→ Recorded data:

BEGIN

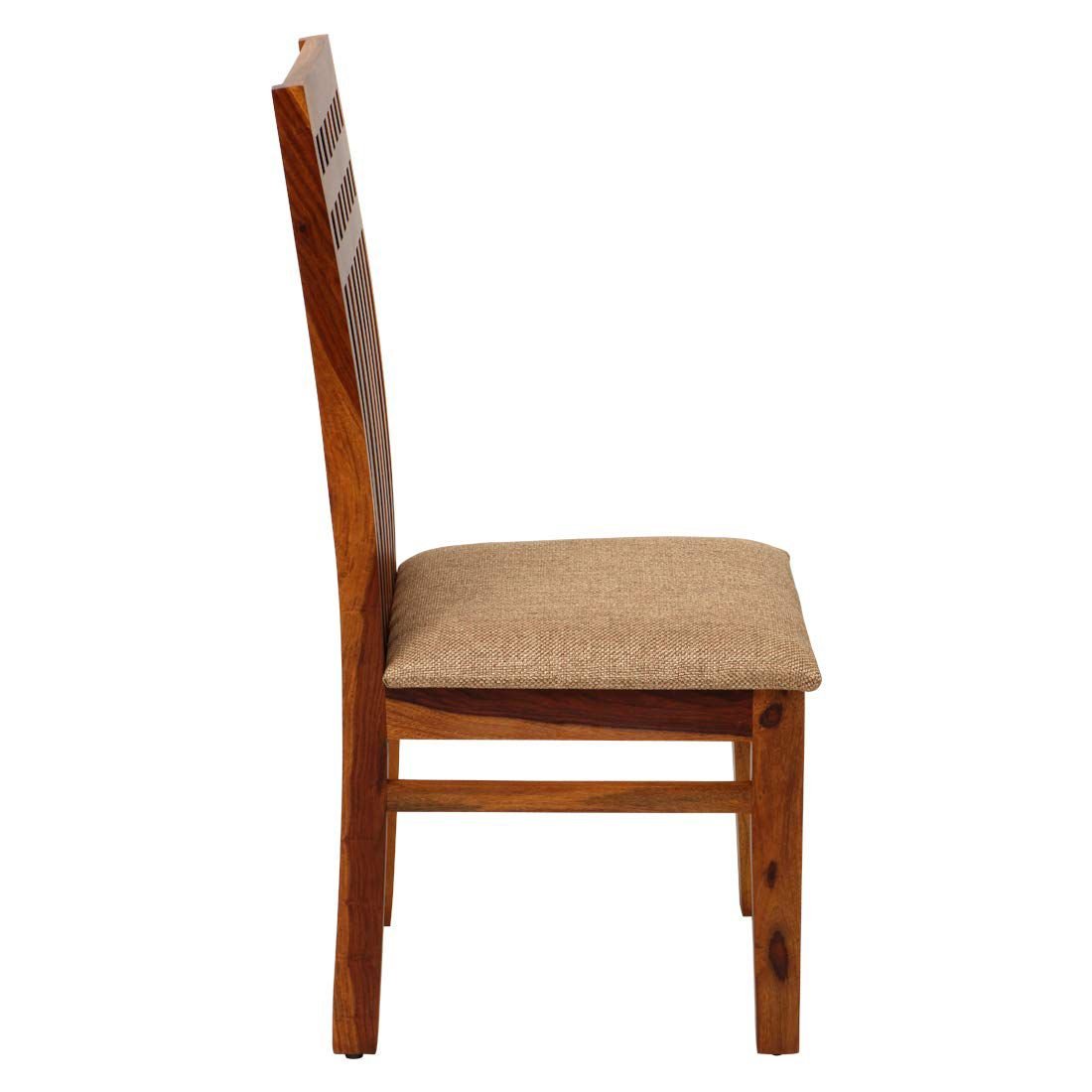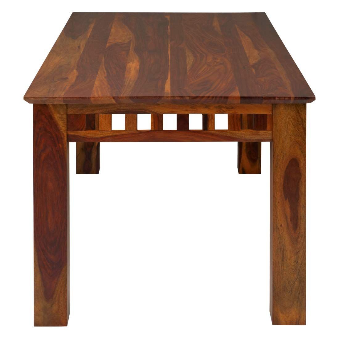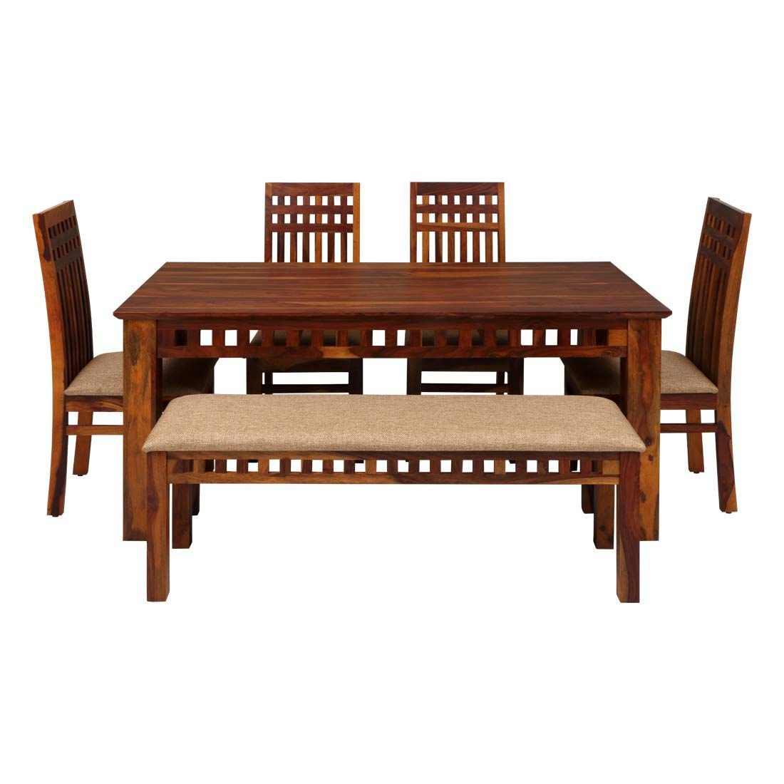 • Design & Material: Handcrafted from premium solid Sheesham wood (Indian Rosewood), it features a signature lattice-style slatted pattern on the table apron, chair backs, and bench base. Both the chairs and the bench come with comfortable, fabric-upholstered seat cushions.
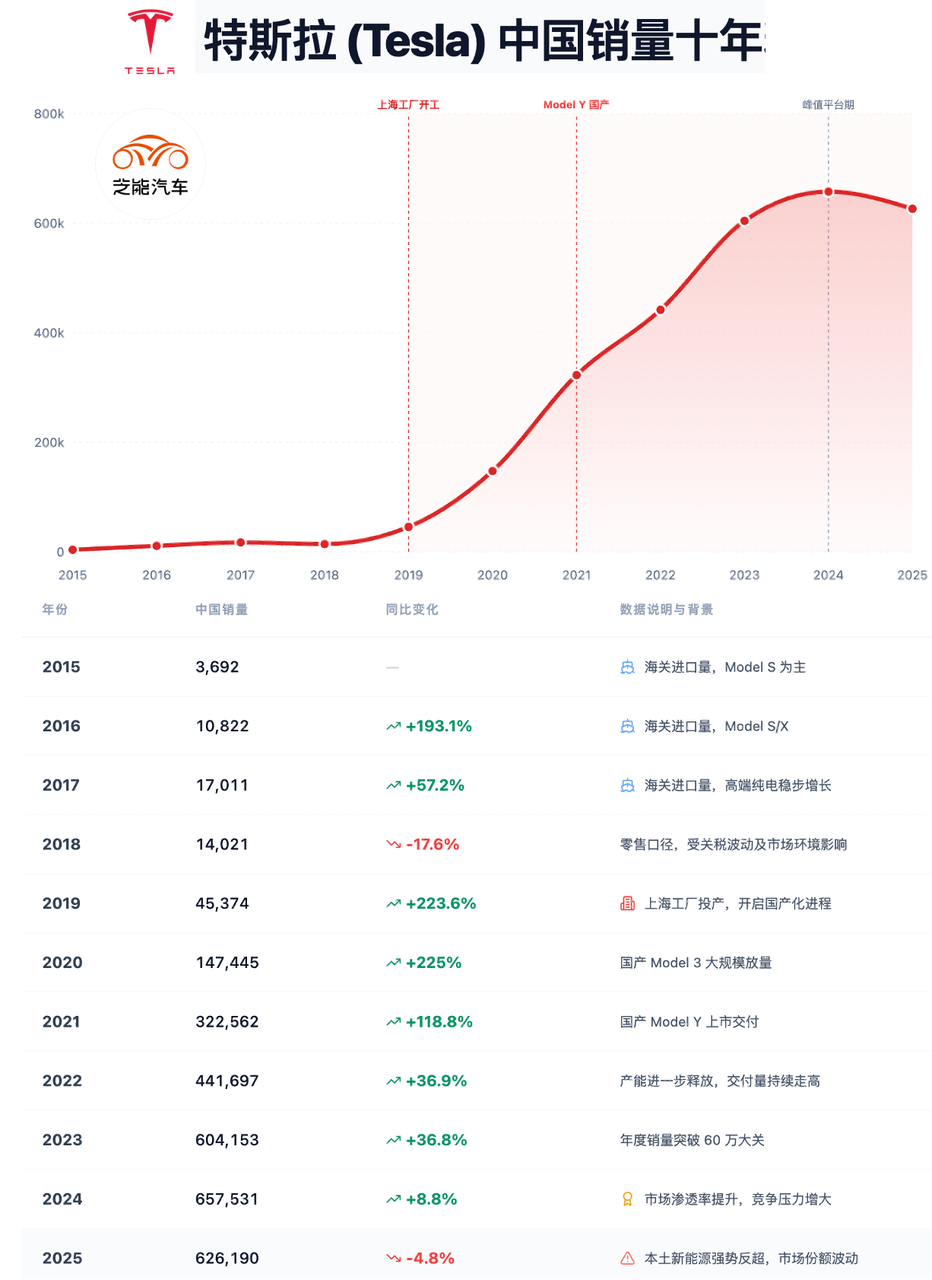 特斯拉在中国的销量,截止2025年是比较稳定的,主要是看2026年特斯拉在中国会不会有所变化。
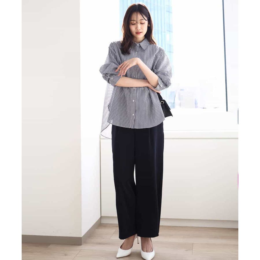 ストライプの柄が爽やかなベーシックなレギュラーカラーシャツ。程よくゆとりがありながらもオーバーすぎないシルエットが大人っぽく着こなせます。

END

→ What needs to be done: Please transcribe the material above exactly as written. Leave the pictures out.

→ Solution to the problem:
 • Design & Material: Handcrafted from premium solid Sheesham wood (Indian Rosewood), it features a signature lattice-style slatted pattern on the table apron, chair backs, and bench base. Both the chairs and the bench come with comfortable, fabric-upholstered seat cushions.
 特斯拉在中国的销量,截止2025年是比较稳定的,主要是看2026年特斯拉在中国会不会有所变化。
 ストライプの柄が爽やかなベーシックなレギュラーカラーシャツ。程よくゆとりがありながらもオーバーすぎないシルエットが大人っぽく着こなせます。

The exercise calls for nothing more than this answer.